Мать взяла флакон, открыла его и понюхала, закрыв глаза. У нее были все духи фирмы Черни. И она пользовались ими в строго определенных случаях. Например, «Суть Евы» – только для самых торжественных событий – перед выходом она чуть-чуть трогала ими за ушами и в ложбинке своего необъятного бюста. Для работы – другие. Для визитов в гости – третьи. Она чрезвычайно гордилась Максом. Все ее дети устроились хорошо. Но Макс поднялся выше всех. И она не могла удержаться, чтобы, говоря о нем, каждый раз не упомянуть, что он «вице-президент фирмы Евы Черни».
– Ну, давай выкладывай все свои новости, – сказала она, усаживаясь поудобнее. Ее интересовали малейшие подробности его жизни, а также жизни Евы.
Сейчас ей, конечно же, хотелось прежде всего узнать о похоронах.
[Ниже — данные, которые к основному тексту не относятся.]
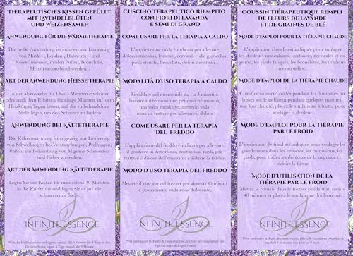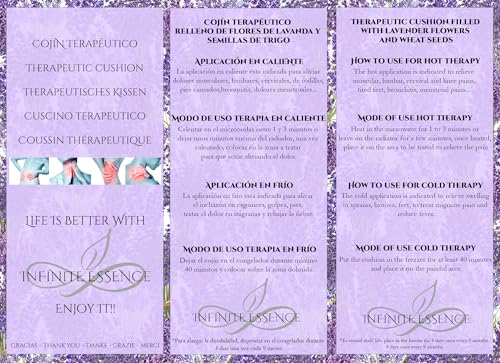 Saco térmico semillas de trigo ecológico y flores de lavanda de la Provenza Francesa. -Hechos artesanalmente el aroma a lavanda ayuda en la relajación, conciliar el sueño y reducir el estrés. Funda lavable 100% algodón. -Empaquetados con mimo en una bonita caja ideal para regalo. -Indicaciones para terapia en calor, alivio de los dolores menstruales, dolores lumbares, dolores cervicales, dolores de espalda, cólicos, artritis, sinusitis y cualquier otra donde este indicado la aplicación de calor. Utilízalo también para calentar tu cama, la cuna de tu bebé, para pies fríos… -Indicaciones para terapia en frío, aliviar inflamaciones, dolor de esguinces, moratones, reducir la fiebre, migrañas, picaduras, pies cansados, varices y cualquier otra donde este indicado la aplicación de frío. -Coloque el cojín térmico sobre un radiador para ambientar su estancia con su agradable aroma a lavanda MICROONDAS: ❖ Comprobar que el microondas funciona correctamente antes de usar. ❖ Verificar la potencia antes de calentar el cojín. ❖ Calentar en un recipiente apto para el microondas. ❖ No calentar junto a ningún plástico ni producto inflamable. ❖ Colocar el cojín plegado y doblado por la mitad. ❖ Antes de usar comprobar que no está demasiado caliente. ❖ Dejar enfriar completamente antes de volver a calentar. 2 minutos HORNO: Calentar el horno a 100°C entre 3 y 6 minutos. ❖ Antes de usar comprobar el correcto funcionamiento del horno. ❖ Calentar en un recipiente apto para el horno. ❖ No calentar junto a ningún plástico ni producto inflamable. ❖ Verificar la temperatura antes de calentar el cojín. ❖ Colocar el cojín plegado y doblado por la mitad. ❖ Antes de usar comprobar que no está demasiado caliente. ❖ Dejar enfriar completamente antes de volver a calentar. INSTRUCCIONES DE ENFRIADO Introducir el cojín dentro de una bolsa de plástico para evitar que se moje, enfriar el cojín en el congelador durante un mínimo de 40 minutos antes de su uso.
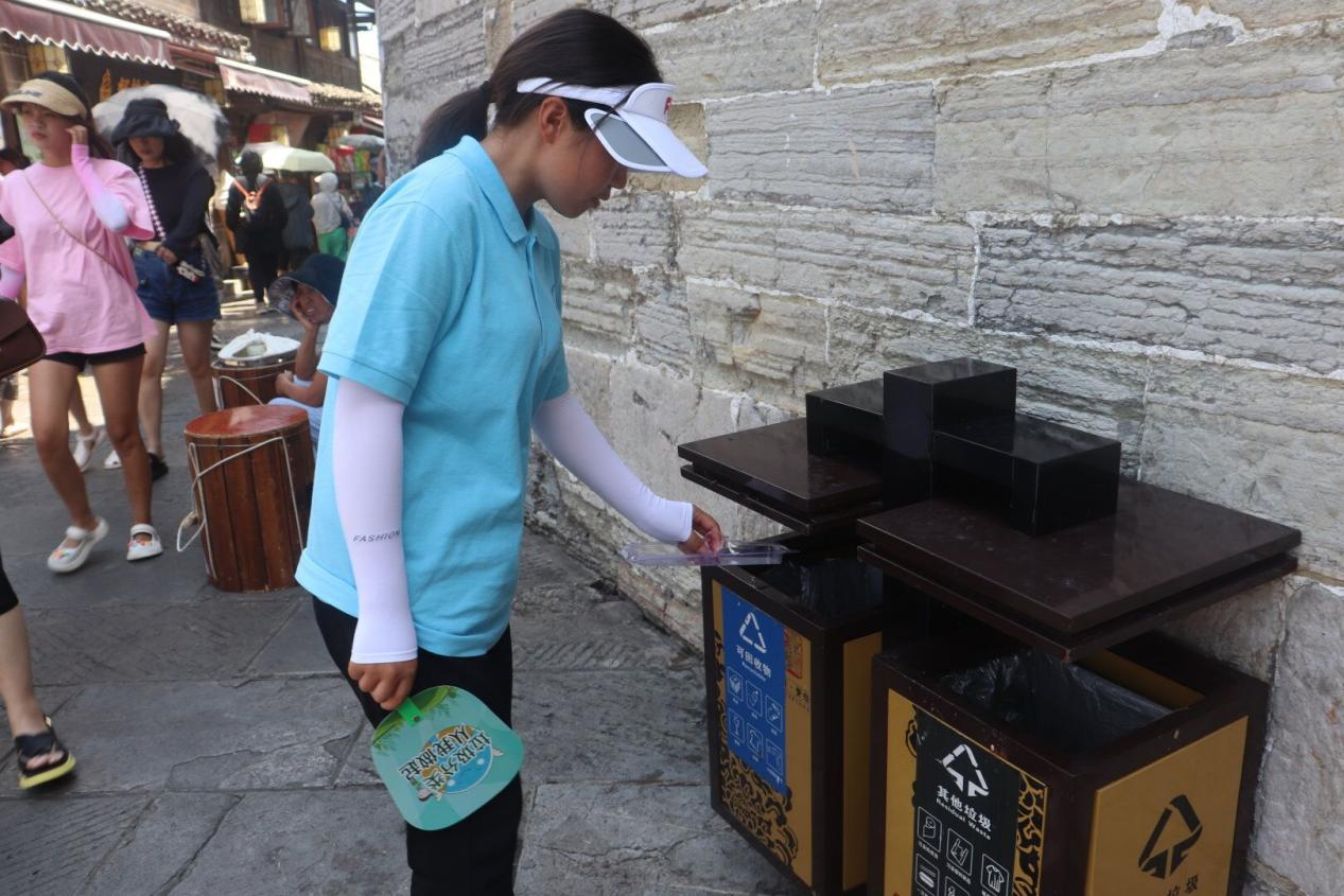 服务队的队员们进入青岩古镇后,按照分工部署安排,帮助环卫工人清理景区垃圾,并为游客示范了进行了细致的垃圾分类处理。践行垃圾分类实践,提高垃圾处理效率,减少了对环境的污染,为古镇的清洁度和整体环境美化做出了贡献。

Покачав головой, она заявила:
– Мне не понравилась затея с кремацией. Тело должно быть захоронено. И те, кто приходит на могилу, должны знать, кто здесь покоится.
Много лет подряд Макс сопровождал мать на кладбище, где похоронили его сестру. Они ухаживали за могилой, клали цветы и молились. Сейчас она уже не могла ходить туда часто, но если возможность предоставлялась, не упускала ее.
– А как сама мадам? Наверное, очень переживала?
– Да, конечно, мама. Она голову потеряла от горя.
– Единственный сын… – Роза Фабиани покачала головой. – До чего же хрупкая вещь любовь… Если бы у нее были еще дети… Не понимаю, почему она не завела еще – ведь у нее было много мужей.
Макс не рассказывал ей и половины того, что ему было известно о Еве. Большую часть сведений Роза черпала из слухов и сплетен. В конце концов она начала восхищаться женщиной, на которую работал Макс, хотя, как и муж, считала, что это не совсем правильно. Дела должны вести мужчины, поскольку так распорядился сам Господь Бог, а значит, так тому и быть. Что-то странное и непонятное есть в том, что женщины подражают мужчинам: не имея опоры и поддержки с их стороны, принимают решения на свой страх и риск, устраивают жизнь на свой лад, меняют и тасуют спутников жизни когда вздумается. Все это пристало мужчинам – на то они и мужчины, – но не женщинам. Роза Фабиани родилась в Америке, ее родители тоже, но предки их были родом из Тосканы, и все ее убеждения и представления шли именно оттуда, опираясь на строгие устои католической церкви. Когда Макс только начинал работать у мадам, Роза постоянно тревожилась за ее бессмертную душу и опасалась отлучения Евы от церкви. Но теперь, когда бы она ни заговаривала о сыне, – а делала она это постоянно, – в голосе ее слышались удовлетворение и гордость.
– А как твоя девушка? – перешла она на другую тему. – Мора красива, но она вдова с двумя детьми, к тому же протестантка.
– С этим покончено.
Роза цокнула языком, скорее одобрительно:
– А как твоя малышка Алекс? Ты ее видел?
– Да. Видел. Но она уже не малышка.
– Мне бы хотелось на нее посмотреть. Почему ты никогда не привезешь ее сюда?
– Ты знаешь почему. Она долго жила в Англии. А кроме того, ее мир очень отличается от моего. – «И тебе следовало бы самому об этом помнить», – подумал Макс.
– Но ты ведь ее крестный отец. И мог бы побаловать ее немного.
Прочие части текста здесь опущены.